UniInfer

Run any LLM on any hardware. Auto-detects your GPU, checks if the model fits, downloads the right format, and starts serving — zero configuration.

pip install -e .
uniinfer serve

Open http://localhost:8000/dashboard and you're running.

What UniInfer Does

Detects your hardware — NVIDIA (CUDA), AMD (ROCm), Vulkan, or CPU
Checks if the model fits — calculates VRAM budget before downloading
Downloads the right format — GGUF, ONNX, or SafeTensors from HuggingFace
Loads on the best device — with automatic fallback if a device fails
Serves an OpenAI-compatible API — drop-in replacement for any client

No driver matching. No format conversion. No OOM crashes.

Getting Started

Install

# Clone and install
git clone https://github.com/Julienbase/uniinfer.git
cd uniinfer
pip install -e .

For NVIDIA GPU acceleration (recommended):

CMAKE_ARGS="-DGGML_CUDA=on" pip install llama-cpp-python --force-reinstall --no-cache-dir

Start the Server

# Start with no model — load from dashboard
uniinfer serve

# Or start with a model directly
uniinfer serve --model mistral-7b

Open http://localhost:8000/dashboard in your browser.

Load a Model

From the Models tab, pick an alias or paste any HuggingFace model ID. UniInfer auto-detects the format and downloads it.

Supported formats: GGUF (llama.cpp), ONNX (ONNX Runtime), SafeTensors (transformers). All auto-detected.

Chat

Switch to the Chat tab. Type a message, get streaming responses. Session history is preserved.

Fit Check — Know Before You Download

UniInfer's standout feature: check if a model fits your VRAM before downloading gigabytes of data.

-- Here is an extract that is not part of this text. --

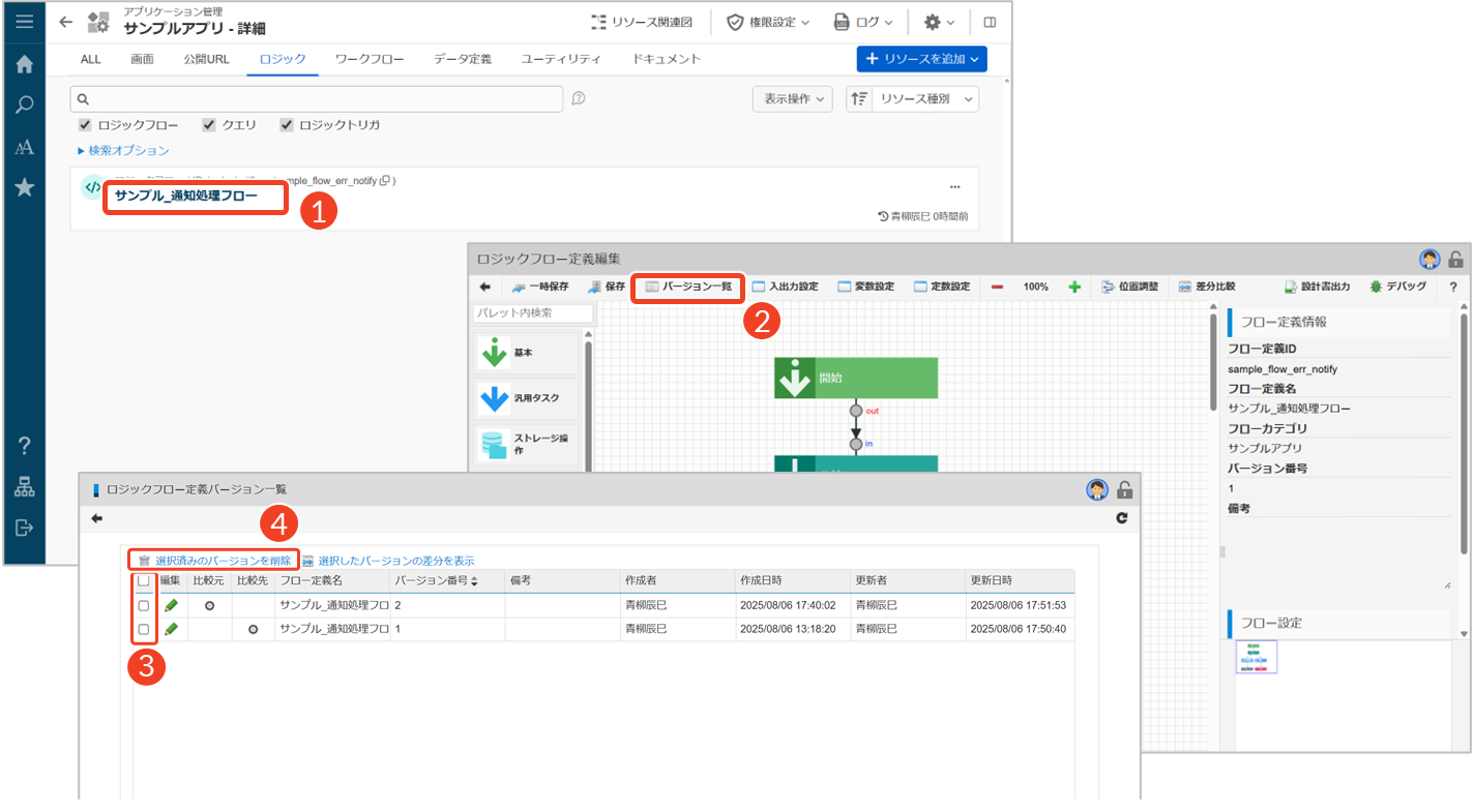 ロジックフロー定義に登録されているすべてのバージョンをまとめて削除します。 - 特定のバージョンのみ削除する

Go to the Fit Check tab, select a model, and instantly see:

Whether it fits your GPU
Memory breakdown (model + KV cache + overhead + headroom)
Every quantization option and which ones fit
A recommended quantization if the default doesn't fit

Model fits:

Model doesn't fit:

The same check runs automatically when you download or load a model — from the dashboard, CLI, or Python SDK. You'll never waste bandwidth on a model that won't run.

From the CLI

$ uniinfer run --model llama-3.1-8b --dry-run

UniInfer — Smart Model Fit Check

Discovering hardware... NVIDIA GeForce RTX 3060 (11.2 GB free)
Model: Llama 3.1 8B Instruct (8.0B params)

┌─────── Fit Report ───────┐
│ Status:    FITS           │
│ Model:     ~4.5 GB        │
│ Available: 11.2 GB        │
│ Headroom:  +4.0 GB        │
└──────────────────────────┘

Hardware Fallback

UniInfer detects all your hardware and automatically falls back if a device fails:

CUDA → ROCm → Vulkan → CPU

Each device is health-checked before use. If your CUDA driver crashes, UniInfer retries on the next available device — no manual intervention.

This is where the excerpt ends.